Pitchfork & The Death of the critic - Death of the critic? No, as always, when the medium changes, how the job is done is changes. // “The culture critics who spent days creating words of criticism now have to evolve to use today’s tools to help others think differently, try new things, and have an influence. Playlists are the new words. Followers are the new readers. Critics of yesterday are now ‘tastemakers.’ While anyone can be a tastemaker, to be good, and have real influence, one still needs to have skills that add up to a professional critic – broad awareness of modern and past works, other aspects of life, understanding of popular culture, knowledge of society, and contemporary politics, economics, and global context.” // Socrates hated writing. His medium was talking. He feared that writing would ruin philosophy. Plato learned the new medium, and the reach was more powerful effective and durable. A 60 second video may not seem like a critical piece, but if it contains critical analysis and, even, recommendations, of course it is.
Why Agile doesn’t work for most IT pros: The bigger you are, the harder you fall - I thought they’d stopped doing the State of Agile surveys, so it’s fun to see a new one.
Bell Labs & Google: bookends of the same sad story? - “Whether it’s Bell Labs, Xerox Parc, or IBM Research Labs, the story is always the same: corporate overlords are so married to the staid predictability of their cash cows that they fail to make bold decisions. Middle managers who eventually rise to the top lack the imagination or risk-taking capabilities to put their companies on new growth curves.” // I don’t like this as a complete failure explanation. The missing piece is something more like innovation in business models: figuring out how to create a business out new products and new features, and often failing to! The comments from Google people are right, though: you need some kind of innovation and product driven leadership to keep the product going. In contrast to the usual innovate or die mindset, an appreciate for cash cows: yes, your company is “just” a cash cow with predictable, low growth revenue. That is how most businesses function and it’s perfectly fine: you just have different expectations as an investor and an employee. You are low risk, you are steady, and likely you are part of how society functions. You move slow and care for things.

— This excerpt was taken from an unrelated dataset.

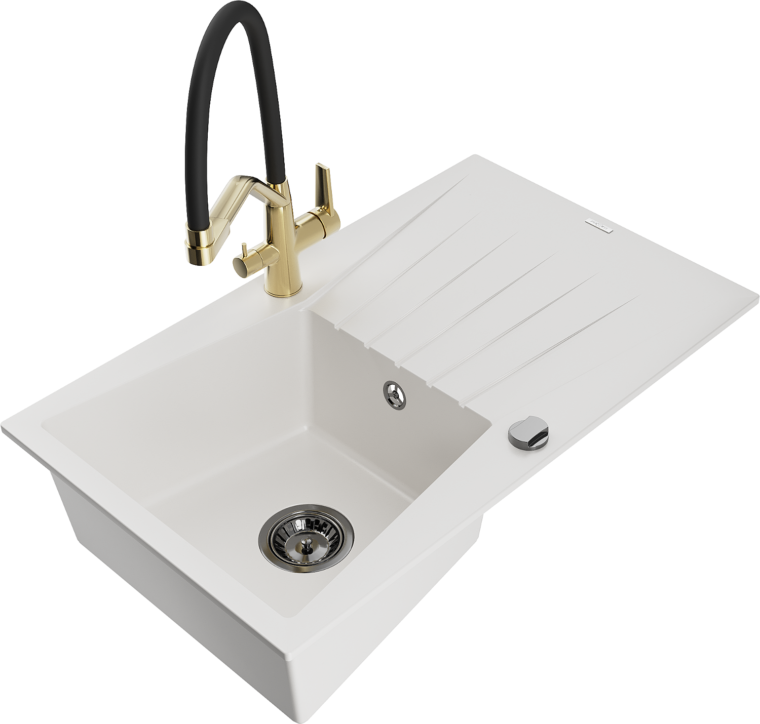 Mexen Cesar granitinė virtuvės plautuvė su įlaša ir Duo maišytuvu, balta - 6514-20-671701-57-B

Related, incremental improvement (or “drift”): “In other words, to build a great data business, today’s startups don’t have to come up with particularly novel ideas or get a bunch of bets about the market right. They just have to rebuild what’s already there, but more deliberately and on more certain ground than the original pioneers could.”
I have no idea what they’re doing, but they’re obviously not very good at it.
Two models of judging “value”: (1) how much value you can create, (2) how much value you can take. You can grow a forest, or you can harvest a forest. You can lower prices, or you can raise prices. You can collaborate, or you can take credit. We aspire to turn all those or’s into and’s, but we mostly do one or the other.
All process improvement can be learned by how to manage the flow of laundry and dirty dishes. And we should take the overwhelming nature of those as therapeutic council that you can never master it consistently. Especially when you have kids.
“On the other hand, the frenzy is destabilizing.” Here.
It’s a regular hurry up and wait situation at the moment.